Australia tends to be terribly monocultural. We noticed in travelling overseas that most countries have signs in three or four different languages (which makes a lot of sense if you want people to take notice of them) but in this wide brown land we tend to expect everyone to be fluent in English.

So we were pleased to see these signs several times on the Stuart Highway in South Australia — English, Japanese and German. Perhaps one could argue for a different choice of languages but I think it is a pretty good start. I have to say that we also noticed toilet signs in several languages (Herren, Hommes etc.) at some of the places where we stopped, particularly in the Territory.


Distant hills 



Eventually we spotted the thin blue line of hills on the horizon as we got closer to Port Augusta. It was only afterwards that we reflected neither of us had taken any photos in Port Augusta, even though we stopped there for coffee. Don’t know why as it was significant that we had travelled the full length of the Stuart Highway.

From there we drove to Stirling North (a tiny village) and followed the Hawker–Stirling North Road which, surprise, surprise, took us to Hawker, a town deep in the South Flinders Ranges.


Hawker pub 


Initially we tried to get accommodation at Rawnsley Park Station, right next to Wilpena Pound, but were unable to do so — the only time we didn’t score our first choice, they were booked out — but the Hawker Hotel-Motel (our next choice) is only a little over 50 km* from Wilpena Pound and proved to be considerably cheaper than Rawnsley Park Station.
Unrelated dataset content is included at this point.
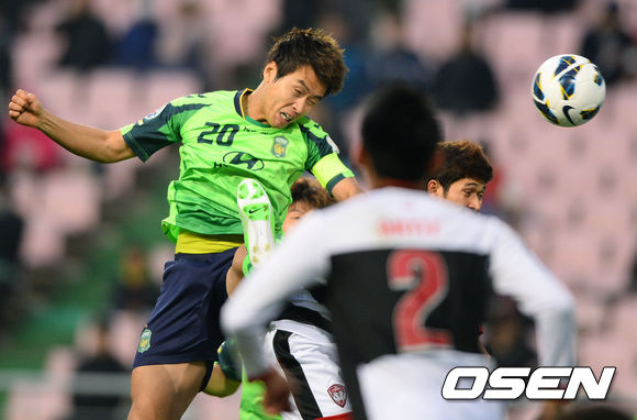 24일 오후 전북 전주시 전주월드컵경기장에서 열린 2013 아시아챔피언스리그(ACL) 전북 현대(한국)와 무앙통 유나이티드(태국)의 경기, 전반 전북 이동국이 헤딩슛을 시도하고 있다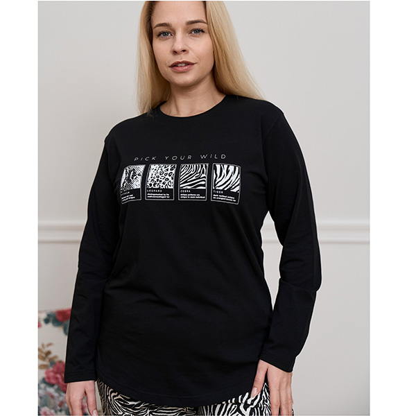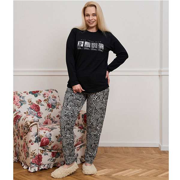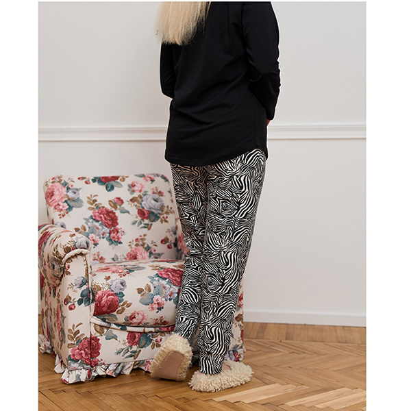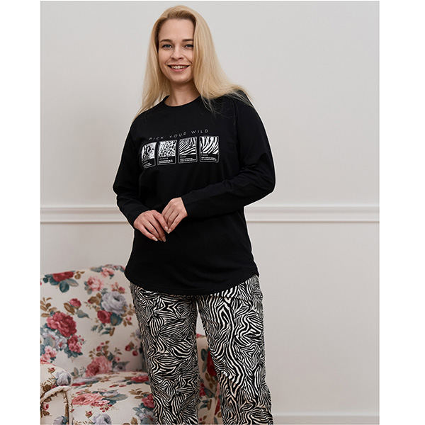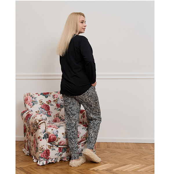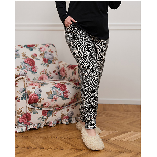 Піжама жіноча з штанами та джемпер з довгим рукавом, чорна принт зебра - для сну та будинку.

Curiously, Google Maps insists on placing it in the corner of a small park whereas it is on the opposite side of the road.

It is a classic old country pub with a public bar, a lounge bar, a beer garden and a dining room (all except the beer garden having very high ceilings), except that it has some motel rooms, some of them to the extreme right of this photo and others (where we were accommodated) behind the pub and facing the street behind.

* 50 km is a little over 30 miles.


Hawker motel 



This is our motel. At the time when I took this snap (perhaps 5:00pm), ours was the only vehicle to be seen. Before nightfall, however, the place was full.

The woman who received us into the hotel-motel was co-operative but blunt:

“Don’t drink the local water. There is clean water in a jug in the refrigerator in your room.

“The dining room is open for dinner between six and seven. Then it is closed.”


So here we are in Hawker for two nights. Tomorrow we are calling a “rest day” but we plan to get as close as we can to Wilpena Pound (about which I will tell you more in tomorrow’s posting). As you are already aware, the time off from travelling in Hawker has given me the chance to do a bit of catching up with these postings. I am hopeful that I may be able to catch up a little further at the end of Day 18 as it will do our shortest day’s travel of the whole road trip, apart from Day 0.

Oh, and Matt has given me another little video to post. It covers (somewhat briefly, it has to be said) the entire journey from Darwin to Alice Springs. So I have added it to the end of Day 13 (8th August), the day we arrived in Alice Springs.